Orta Asya’daki eski pazar yerlerinin adı Registan. Bugün bu ad, daha çok medreselerle çevrili eski meydanlar için kullanılıyor. Üç medresenin ortasında kalan, eskiden pazar kurulan geniş alanda konserler, gösteriler, şenlikler düzenleniyor. Biz de burada ışık gösterisi izledik. Registan pazarı ise Bibi Hanım Camii’nin yanına taşınmış. Registan Meydanı, Uluğ Bey’in hükümdarlığı zamanında inşa edilmiştir.
Fotoğrafta solda Timurlu eseri Uluğ Bey Medresesi (1417-1420), sağda bir Şeybani eseri olan Şirdar Medresesi (1619-1635), ortada ise yine bir Şeybani eseri olan Tillakari Medresesi (1646-1660) görülmektedir.

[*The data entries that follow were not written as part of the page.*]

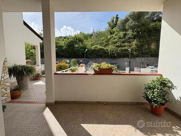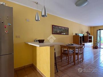 Proseguendo, troviamo un ampio salone che presenta pareti lineari che permettono di collocare molto facilmente i vari arredi, ed è servito da un terrazzo esposto a Sud. Questo piano è completato da un primo bagno, completamente rifinito con gres porcellanato e dotato di doccia. Da questo ambiente che è intermedio, grazie ad una scala interna in granito e corrimano in legno si può accede a tutti i livelli di casa;
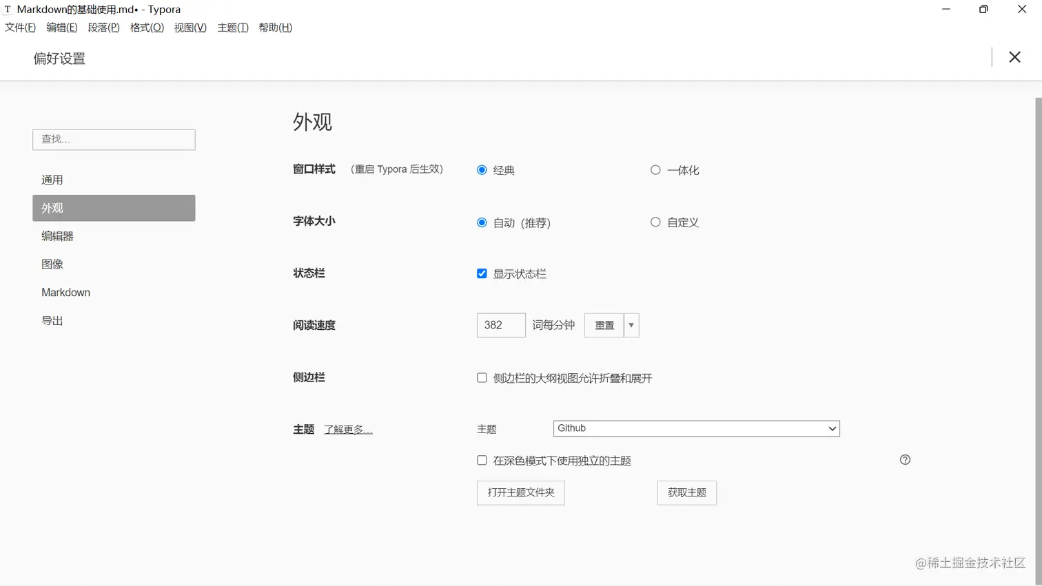 温馨提示:偏好设置,需要重启Typora软件才能生效。
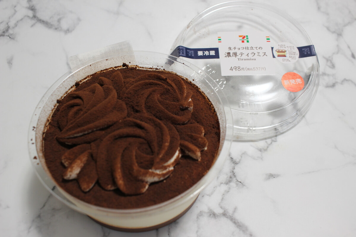セブンイレブンで買える「生チョコ仕立ての濃厚ティラミス」をご紹介しました。
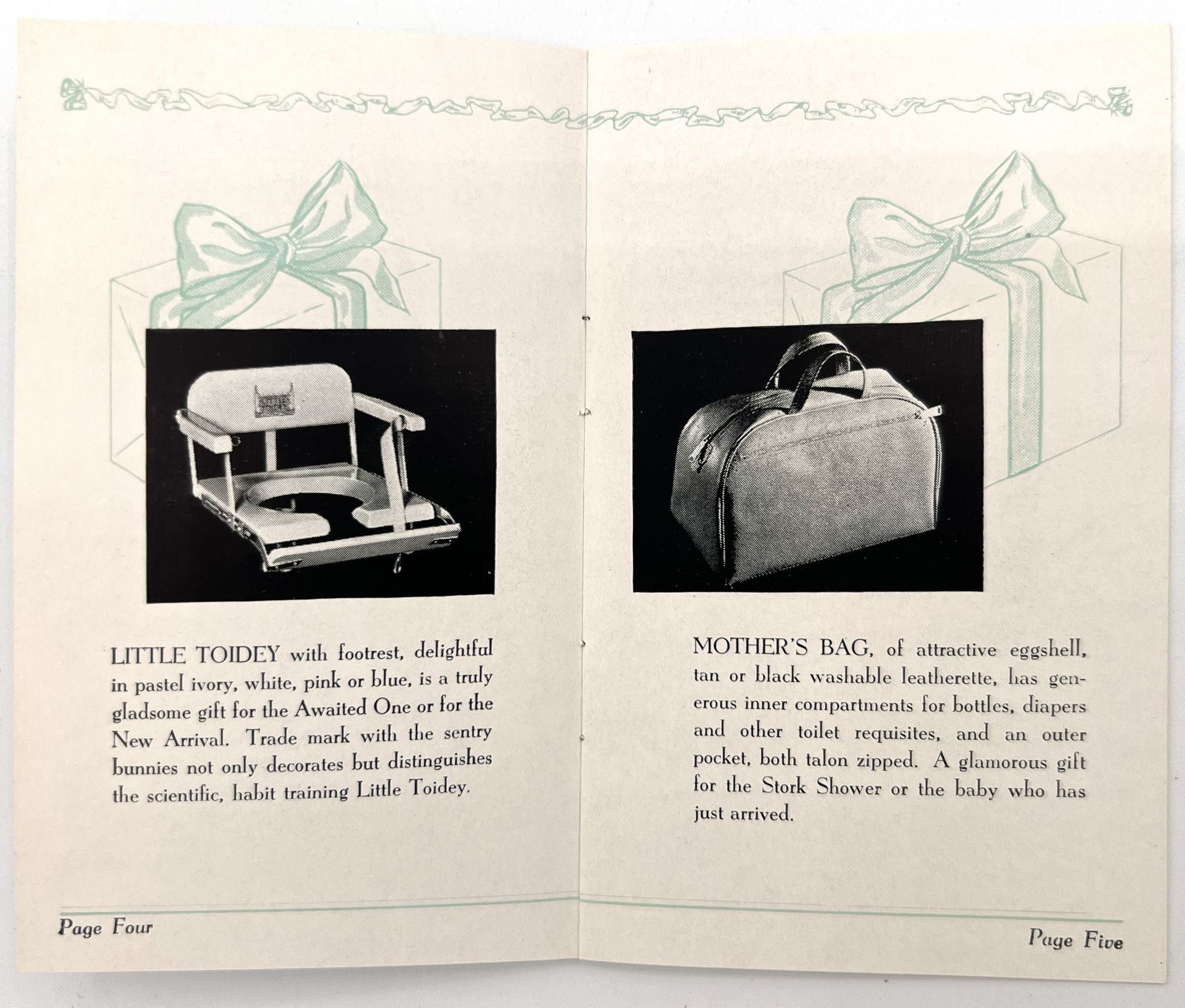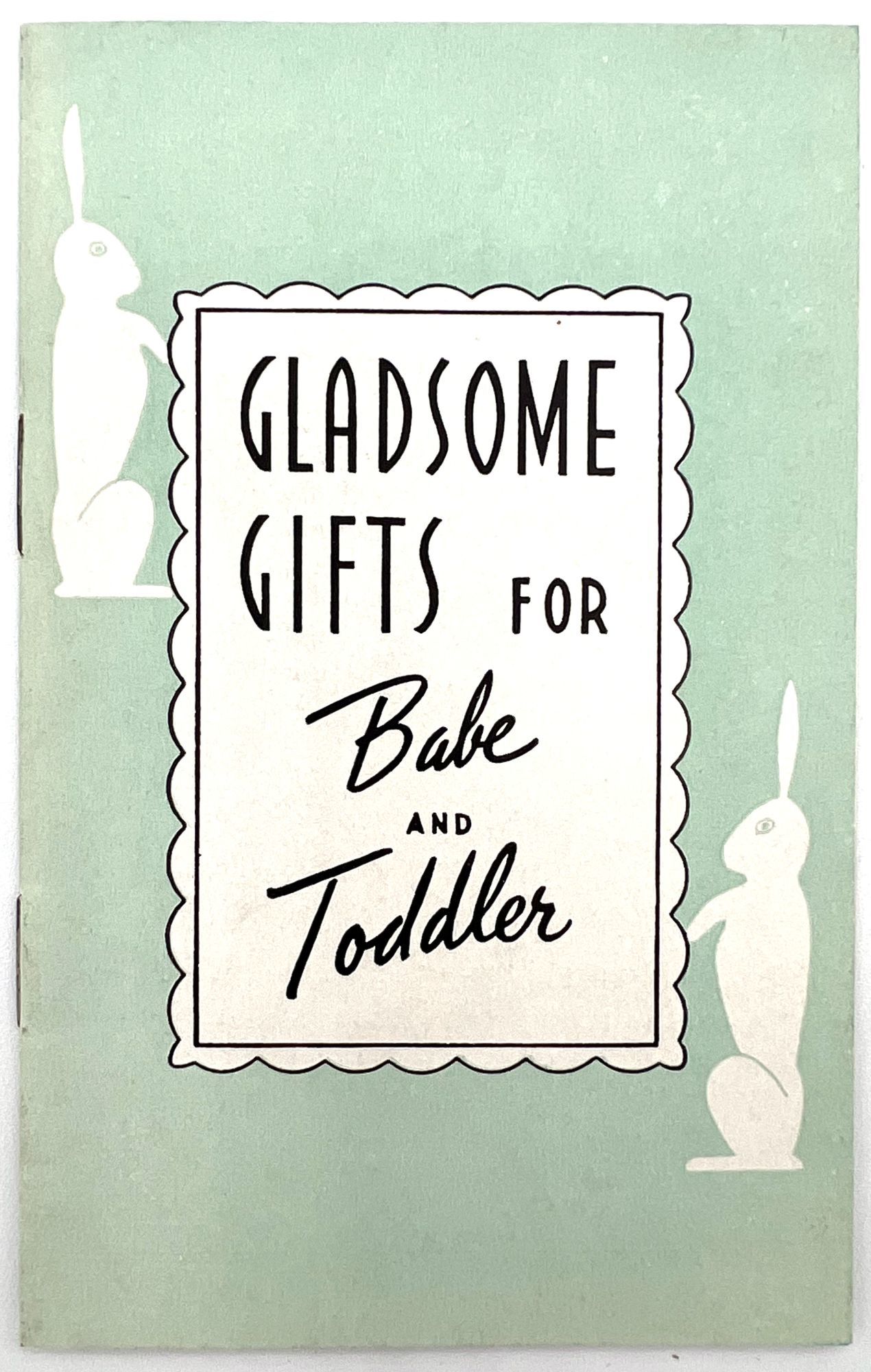 "Gladsome Gifts for Babe and Toddler". Fort Wayne: Juvenile Wood Products, Inc., 1939. Illustrated catalog of toilet training gifts and other baby products. 12mo (4.75" by 3"), pp. 12 (incl. wrps), with in-text illustrations, stapled in original illustrated wrappers.
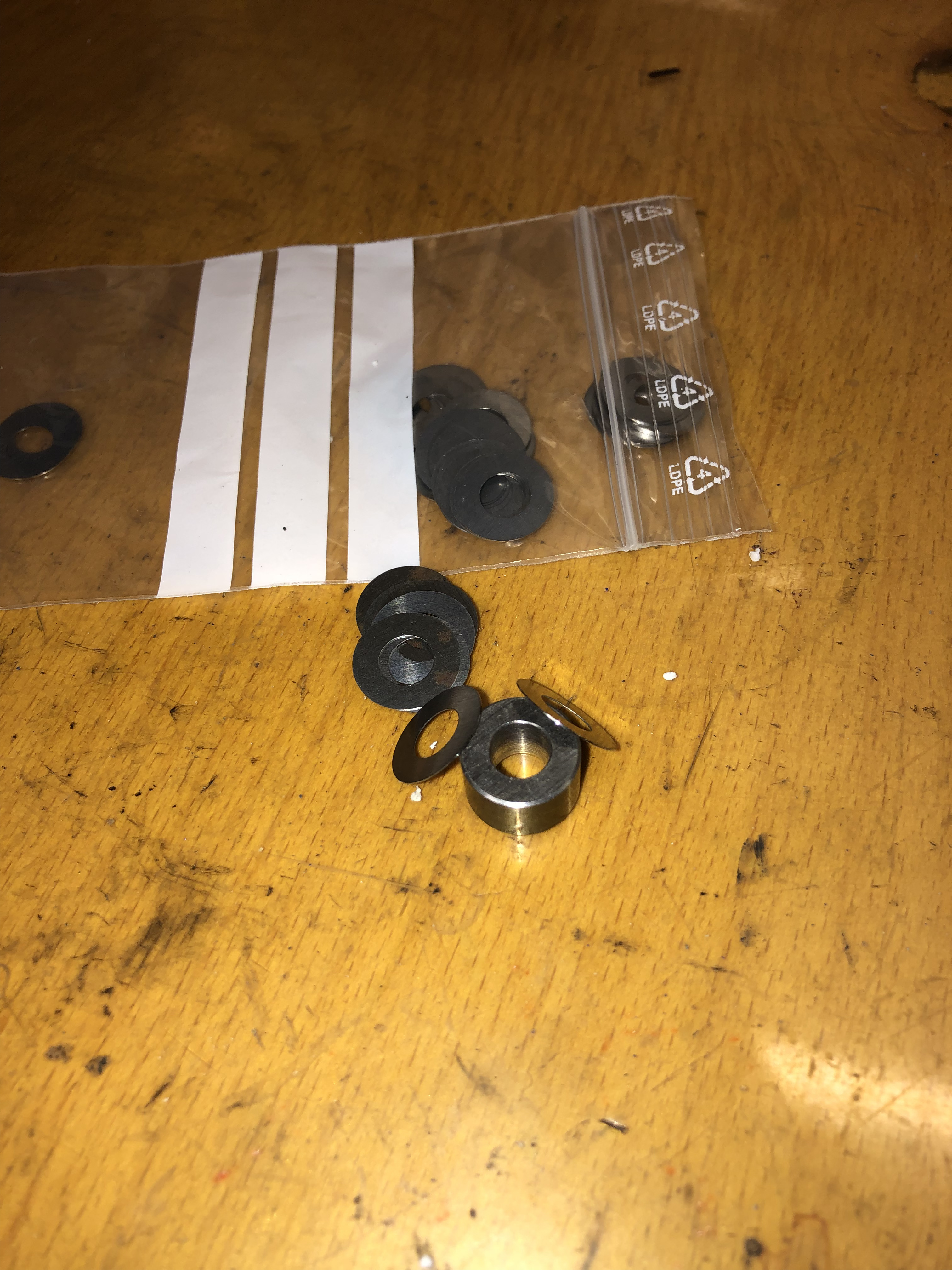Dann habe ich schrittweise mit dem Ausdrehkopf auf Höhe 4,5mm über Dichtfläche bearbeitet, bis ich knapp über den 94 mm war, die der Spacer haben wird. Meine 8 mm Unterlagen gesteckt und einen Polinispacer aufgelegt:
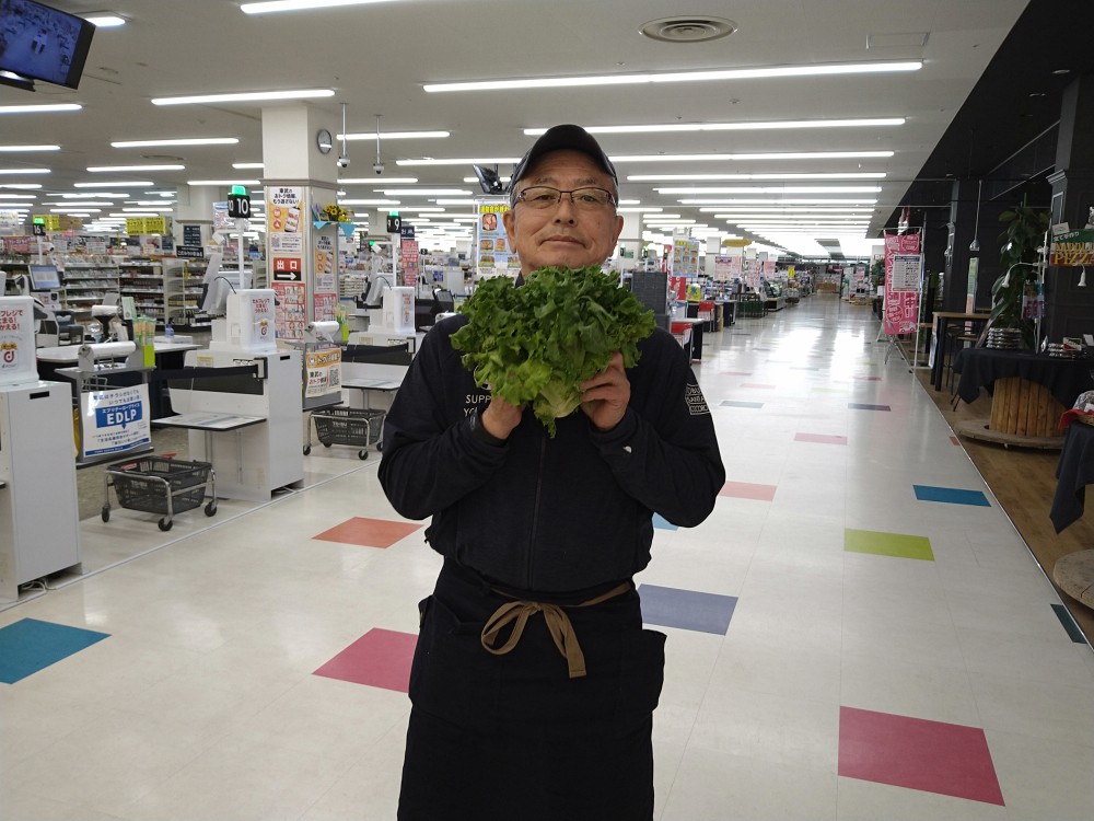 おはようございます。青果コーナーでは、北見産グリーンレタス1玉99円(本体価格)にて販売しております。サラダや焼肉などにどうぞお召し上がりください。
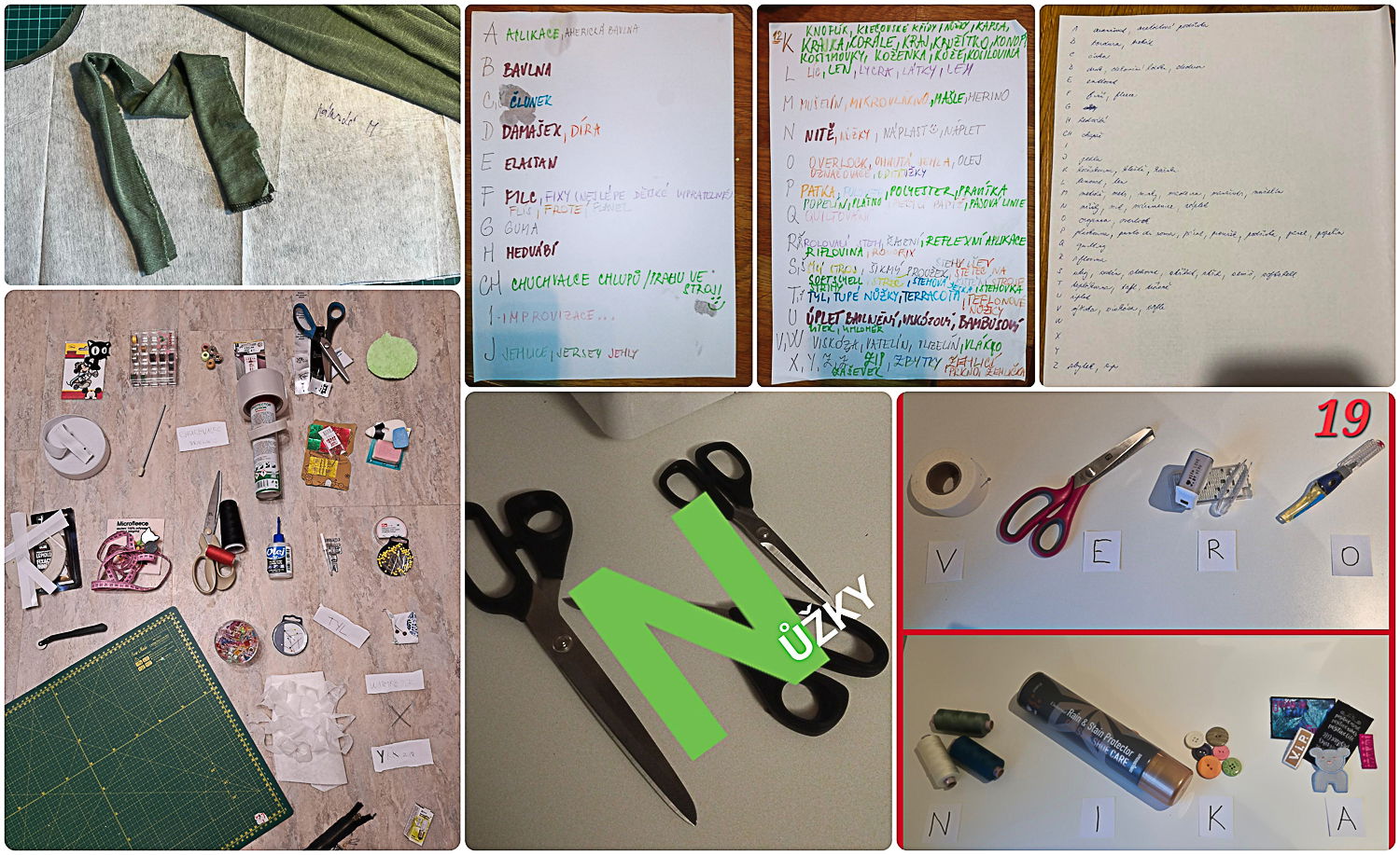 Hráli jsme si se slovy a hledali, jestli najdeme slova z šicího světa na všechna písmena abecedy.

Bu yapılar, UNESCO Dünya Kültür Mirası Listesi’nde.
Fotoğraf: Füsun Kavrakoğlu

Uluğ Bey’in Semerkand mimarisine asıl katkısı Registan Meydanı’ndaki adını taşıyan medresesidir. Yapımı 1417-1420 arasında gerçekleştirilen bu medrese de dört eyvanlı avlu planına uygundur. Yapının bitişiğinde bir hankah ve bir mescit vardı ama bunlar günümüze ulaşmamıştır.
Taçkapıda yıldızlar motif olarak kullanılmış, mozaik ve baklava biçiminde çini bezemelerle süslenmiştir.
Medresenin alt katı dershane, üst katları yatakhane imiş ve iki öğrenci bir hücreyi paylaşırmış.
Yüzden fazla öğrenci medresede ders alabilmekteydi. Bu medrese, 15. yüzyılda Orta Asya’nın en büyük eğitim kurumuydu ve verilen eğitimin kalitesiyle ün salmıştı. Eğitim parasızdı ve öğrenciler sınavla alınırdı. Uluğ Bey Medresesi’nde, teoloji, astronomi ve felsefe tahsil edilmiş. Uluğ Bey kendisi de burada ders vermiş.
Uluğ Bey önce kendi adını taşıyan medreseye defnedilmişti. Baba katili Abdüllatif öldürülünce başa geçen Abdullah, Uluğ Bey’i Gur Emir’e nakletmişti.
Uluğ Bey Buhara’da daha mütevazi bir medrese yatırmış, kapıların üzerine “Aklını aydınlatmak her Müslüman erkek ve kadının görevidir” yazdırmıştı.
Fotoğraf: Füsun Kavrakoğlu

Şirdar Medresesi’nin taçkapısında Aral kaplanı, güneş ve geyik motifleri işlenmiş. Kaplanların yüzü insan yüzü; bu tabu yıkıcı bir seçim olmuş. Medresenin 54 hücresi varmış. Medresenin arkasına 18. yüzyılda bir çarşı inşa edilmiş.
Fotoğraf: Füsun Kavrakoğlu

Bir zamanlar talebelerin kullandıkları odaların çoğu el işi atölyelerine ve hediyelik eşyaların satıldığı dükkanlara dönüşmüş.
Fotoğraf: Füsun Kavrakoğlu

Tillakari Medresesi. 17. yüzyılın ilk yarısında Alçin kabilesinden Semerkand hükümdarı Yalanguş Bahadır tarafından eski hankah yerine bir medrese, kervansaray yerine de içinde bir mescit olan Tillakari Medresesi inşa edilmiştir.
Fotoğraf: Füsun Kavrakoğlu

Günümüzde müze olarak gezilen Tillakari Medresesi içindeki caminin eşsiz bezemeleri, Timurlu dönemi yapı geleneğinin 17. yüzyılda da gücünü koruduğunu gösterir.